The second conspirator in a fraudulent military parts scheme that defrauded a Connecticut company has been sentenced.
Jeffrey Warga, 62, of North Kingstown, R.I., was sentenced to three years of probation and ordered to pay a $10,000 fine by a federal court judge in Hartford Thursday.
According to federal prosecutors, Jeffrey Warga, 62, of North Kingstown, R.I., conspired with Jeffrey Krantz, the CEO and an owner of Harry Krantz LLC, a New York-based company that bought and sold, among other things, obsolete electronic parts for use by the U.S. Military and commercial buyers.
In December, Krantz was sentenced to three years’ probation and fined $100,000. He also was ordered to pay $402,650 in restitution. A restitution hearing for Warga is scheduled for March 4, 2016.

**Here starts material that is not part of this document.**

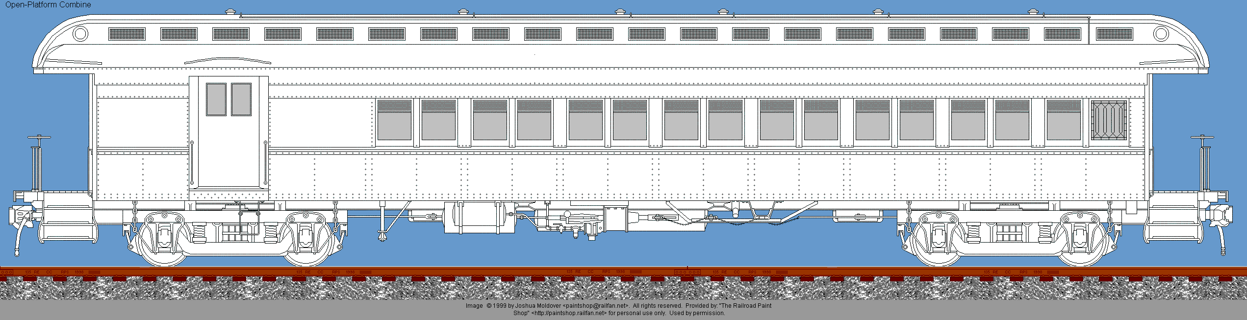 Open-platform steel combine drawing © 1999 by Joshua Moldover. All rights reserved. Used by permission. If you would like to use this image, or a painted version of it on your web site, you may do so, providing that you notify the artist and place a link back to The Railroad Paintshop. Linking directly to the image on the Railroad Paint Shop site is prohibited. If you want to use the image in any other form of publication, you must have the prior written permission of the artist.

In 2005, Krantz entered into a business relationship with Warga, the president and owner of Rhode Island-based Bay Components LLC, to sell military microprocessor chips to Bay Components, which would in turn sell them to a Connecticut company, which wasn’t identified. Krantz and Warga, prosecutors said, knew that the Connecticut company wanted new and original chips, not falsely remarked chips.
An investigation revealed that many of the chips were used in the assembly of U.S. Military and commercial helicopters. The chips have been examined and determined not to be the root cause of any mechanical problems experienced by the helicopters to date.